The litigation tide might be turning for public accommodations choosing to fight lawsuits brought by blind individuals claiming that the businesses’ websites violate Title III of the Americans with Disabilities Act (ADA) by not being accessible to them. As we have previously reported, about a dozen or so plaintiffs’ firms have filed hundreds of lawsuits and sent thousands of demand letters to businesses asserting this type of claim on behalf of blind clients in the past two years. Most of these matters have settled quickly and confidentially, and the relatively few defendants who chose to litigate rarely had success in getting the cases dismissed. However, two recent decisions from California and Florida federal judges do provide encouragement for businesses that are willing to spend the money to litigate.
Robles v. Domino’s Pizza LLC, Case No. 2:16-CV-06599 (C.D. Cal.). On March 20, 2017, federal District Judge James Otero of the Central District of California dismissed a lawsuit by a blind plaintiff who claimed that he could not order pizza from the Domino’s website because it could not be accessed using his screen reader. The plaintiff claimed that by having an inaccessible website, Domino’s had violated Title III of the ADA and various California laws that prohibit discrimination against individuals with disabilities by public accommodations.

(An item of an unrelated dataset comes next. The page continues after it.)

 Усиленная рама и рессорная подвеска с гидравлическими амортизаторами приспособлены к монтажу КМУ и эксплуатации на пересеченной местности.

Dominos made three arguments as to why the case should be dismissed. First, websites are not covered by Title III of the ADA. Second, in the absence of regulations requiring public accommodations to have accessible websites, such entities can choose how they provide access to individuals with disabilities. Dominos submitted evidence that it provided access for blind individuals through a 24-hour toll-free phone number where live agents would provide assistance with using the website, as well as direct phone access to stores for placing orders. Third, holding Dominos liable for not having an accessible website would violate due process principles because the Department of Justice (DOJ) has not issued any regulations specifying whether and to what extent websites must be accessible or the legal standard to be applied in determining accessibility.

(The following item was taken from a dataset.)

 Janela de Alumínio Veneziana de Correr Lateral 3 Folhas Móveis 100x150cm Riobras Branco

Judge Otero rejected the argument that the ADA does not cover websites of public accommodations. However, he agreed that Dominos had met its obligations under the law by providing telephonic access, and that requiring Dominos to have an accessible website at this time would violate its constitutional right to due process. Judge Otero pointed out that neither the law nor the regulations require websites to be accessible, and that the DOJ had failed to issue regulations on this topic after seven years. As further evidence that covered entities have not been given fair notice of what their obligations are, he cited the DOJ’s official statements from the beginning of the website rulemaking process that (1) it was considering what legal standard of accessibility to adopt, and (2) telephonic access could be a lawful alternative to having an accessible website. Based on these due process concerns, Judge Otero invoked the “primary jurisdiction” doctrine which “allows courts to stay proceedings or dismiss a complaint without prejudice pending the resolution of an issue within the special competence of an administrative agency.” This is the first time a court has dismissed a website accessibility case based on “due process” grounds and a welcome rebuke of the DOJ’s regulatory and enforcement activities to date.

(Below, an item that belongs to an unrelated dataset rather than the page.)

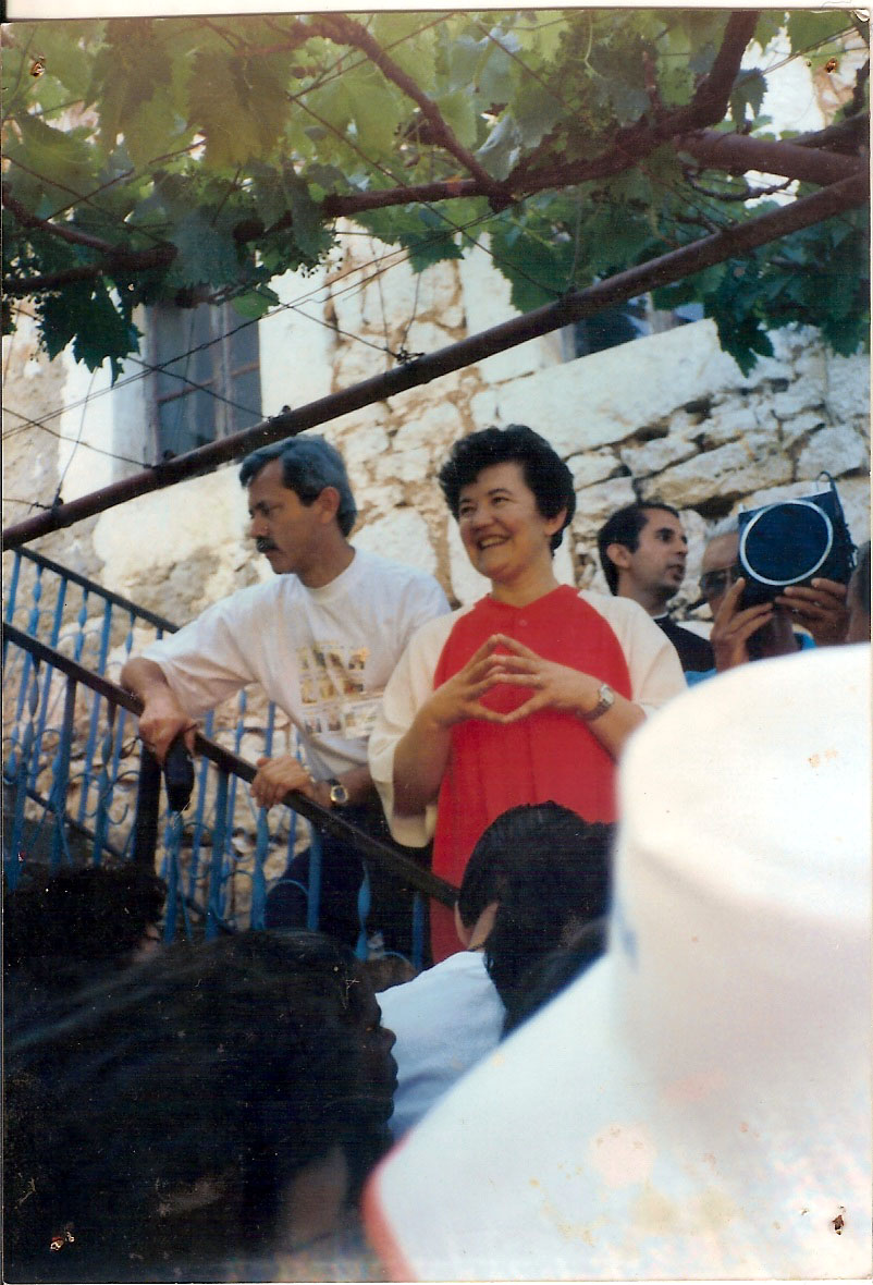 | 25/07/1997 Vicka falando aos peregrinos do Servos da Rainha em sua casa | |

Gomez v. Bang & Olufsen America, Inc., Case No. 16-CV-23801 (S.D. Fla.). On February 2, 2017, Florida District Judge Joan Lenard dismissed serial plaintiff Andre Gomez’s ADA Title III website lawsuit claim with leave to amend because he had failed to allege that his ability to use the defendant retailer’s website prevented him from accessing its stores. Judge Lenard held that “[a]ll the ADA requires is that, if a retailer chooses to have a website, the website cannot impede a disabled person’s full use and enjoyment of the brick-and-mortar store. To survive a motion to dismiss, Plaintiff must claim an actual (not hypothetical) impediment to the use of Defendant’s retail location.” Gomez had alleged that he could not purchase products online, but did not claim that the website’s inaccessibility impeded his ability to go to a store. Judge Lenard explicitly rejected the argument that the ADA requires a website to provide the same online-shopping experience as non-disabled persons, stating that “the ADA does not require places of public accommodations to create full-service websites.”
Practical Takeaways. Here are some takeaways from these recent decisions:
These decisions do not change the analysis that a defendant must conduct in considering whether to fight or settle a particular case. Defendants must consider many factors, including (1) the facts (e.g., is access to the goods and services on the website provided through some alternative channel, such as the telephone?), (2) the law in the circuit where the case is pending, (3) the judge, (4) the plaintiff, (5) the plaintiff’s law firm, (6) the cost of settlement, and (7) the cost of litigation. The fact is that many of these cases can be settled for considerably less than what it would cost to file a motion to dismiss, and it is very difficult for prevailing defendants to recover their fees. Defendants can only recover fees when the lawsuit was frivolous.